Exercise brief >> When you copy from the entries that follow, take only the lines from the one with "Indulge in the" down to the one with "Аэратор, Металлическая розетка, Эксцентрики, Душевой", keeping both ends and dropping every picture.

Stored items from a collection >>
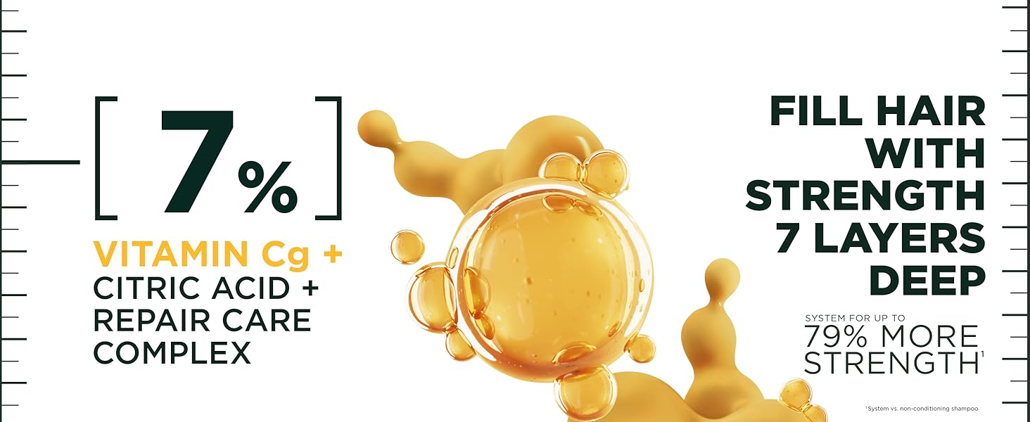 Our sulfate-free Hair Filler + Vitamin Cg system, formulated with Vitamin Cg + Citric Acid + Repair Care Complex, fills weak, damaged hair with strength. Fill hair with strength 7 layers deep with our system for inner fiber repair, outer visible transformation. INNER: Repairs and strengthens broken bonds deep in the cortex, hair fiber's inner layer*. OUTER: Up to 4x stronger hair with up to 79% less breakage.** Visibly smooth and healthy-looking hair. Formulated without sulfates, parabens, phthalates, DMDM Hydantoin, drying alcohols, and mineral oil. Additionally, all Garnier products, globally, are officially approved by Cruelty Free International under the Leaping Bunny Program. *repair & strengthen broken bonds inside the hair fiber with continuous use of system **with continuous use of system ***with use of system vs. non-conditioning shampoo
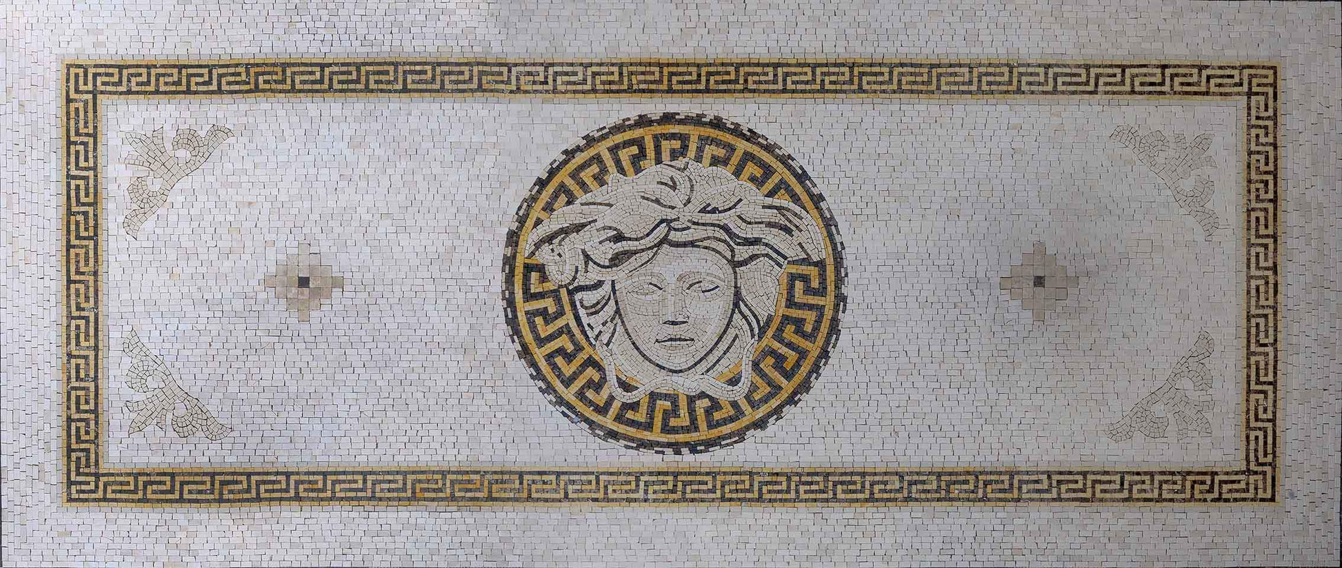 Indulge in the refined beauty of the Marble Mosaic Logo - Versace Carpet and experience the allure of high fashion brought into your everyday life. Elevate your home decor to new heights with this luxurious addition that speaks to your sophisticated taste and love for exquisite craftsmanship.
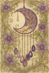 Set under a moon-shaped frame, it incorporates healing agate stones known for their calming and balancing properties.
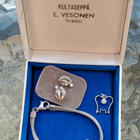 Erilaisia ja eri hintaisia hopeakoruja. (kaikissa merkintä, osa vailla kiillotusta)
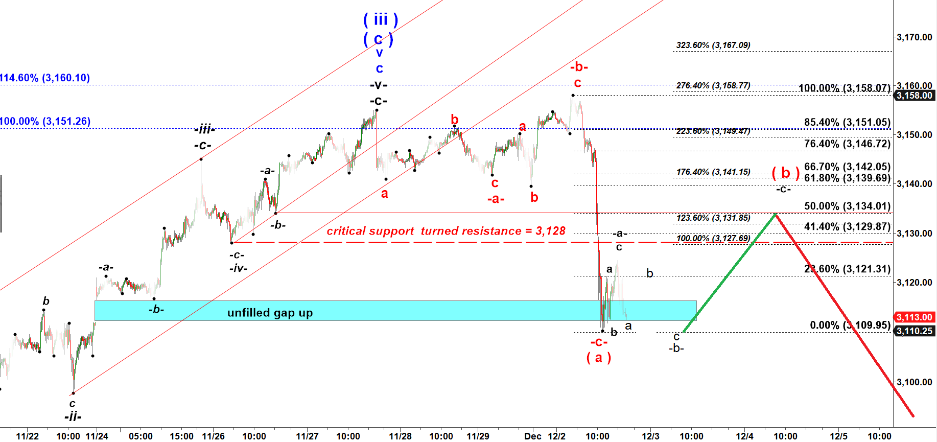 That drop after hours may be only micro a down and we can get more whipsaw for -b- down before a rally in -c- of ( b ) up.
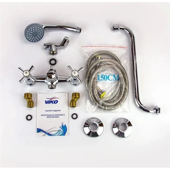 Аэратор, Металлическая розетка, Эксцентрики, Душевой шланг, Душевая лейка, Держатель для душевой лейки
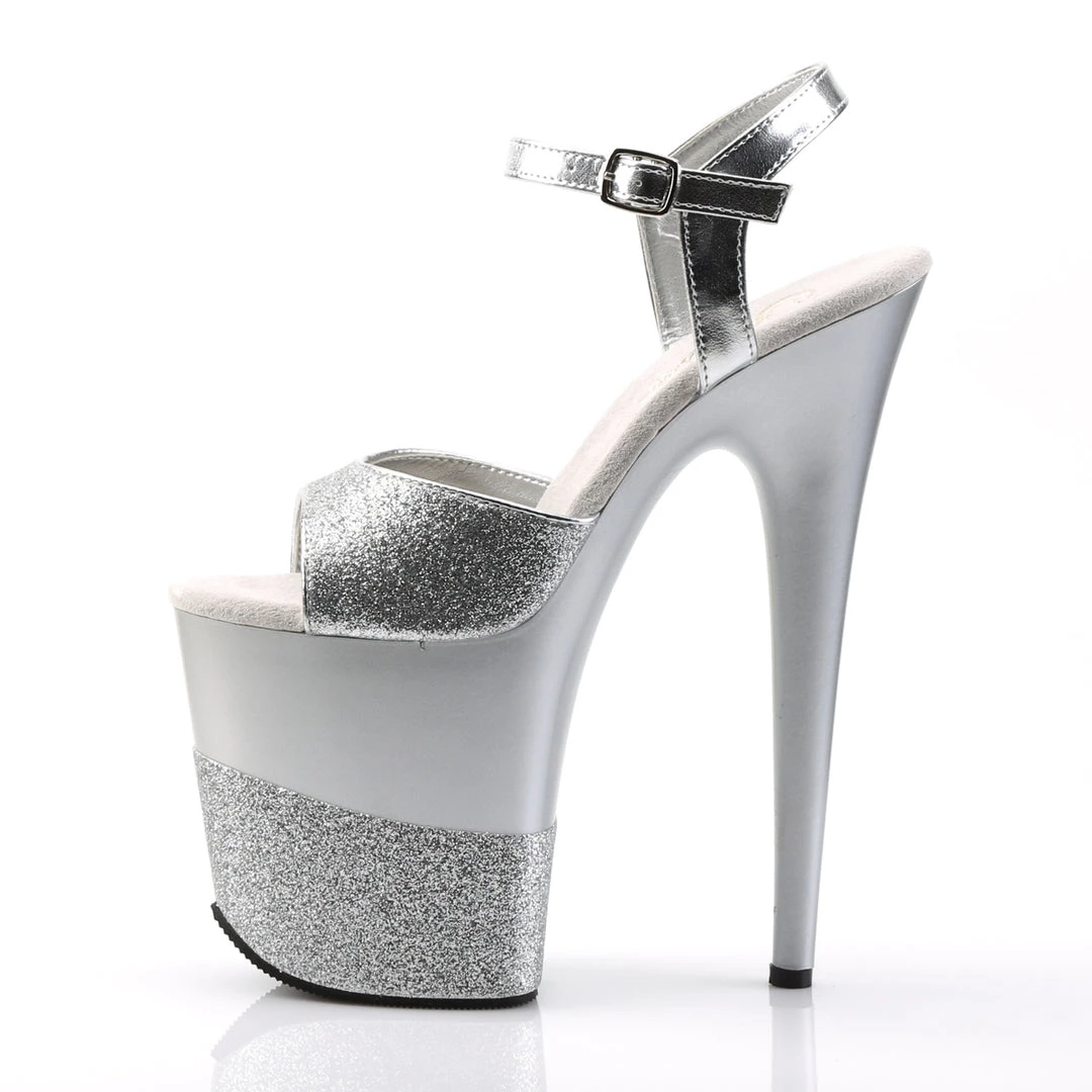 Flamingo 809-2G Silver Glitter Platform Heels by Pleaser Shoes
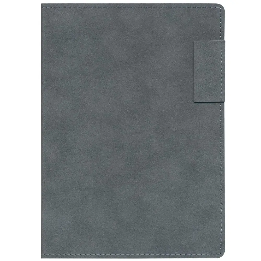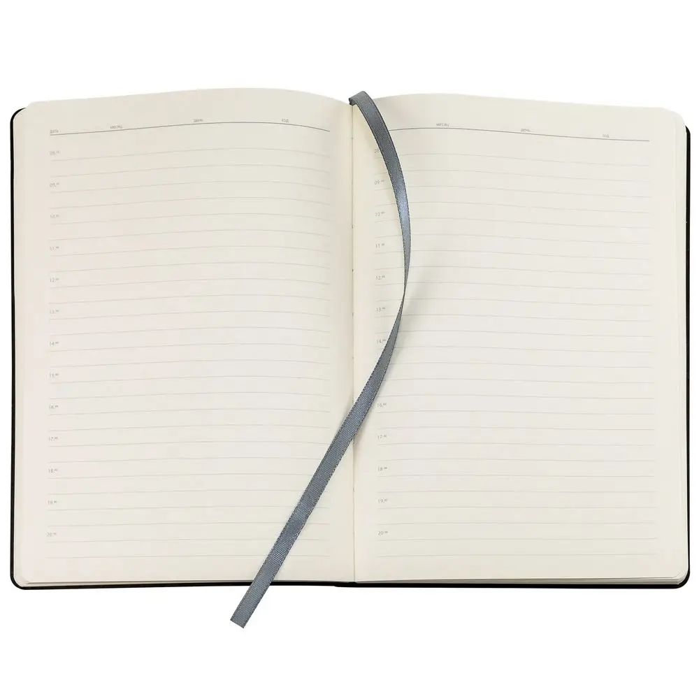 Ежедневник с гибкой обложкой, выполнен из материала Nubuck, темно-серый ЕЕ, дополнен петлей-лейблом для ручки и ляссе в цвет материала.
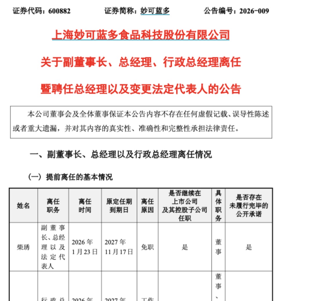 1月25日,妙可蓝多(600882)董事会一纸决议,免去了创始人柴琇的副董事长、总经理及法定代表人职务,仅保留其董事席位。这位被誉为“奶酪女王”、一手将公司推上“A股奶酪第一股”宝座的企业家,以近乎“净身出户”的方式告别了管理一线。接替她的是拥有深厚蒙牛背景的蒯玉龙。

Result of this exercise >>
 Indulge in the refined beauty of the Marble Mosaic Logo - Versace Carpet and experience the allure of high fashion brought into your everyday life. Elevate your home decor to new heights with this luxurious addition that speaks to your sophisticated taste and love for exquisite craftsmanship.
 Set under a moon-shaped frame, it incorporates healing agate stones known for their calming and balancing properties.
 Erilaisia ja eri hintaisia hopeakoruja. (kaikissa merkintä, osa vailla kiillotusta)
 That drop after hours may be only micro a down and we can get more whipsaw for -b- down before a rally in -c- of ( b ) up.
 Аэратор, Металлическая розетка, Эксцентрики, Душевой шланг, Душевая лейка, Держатель для душевой лейки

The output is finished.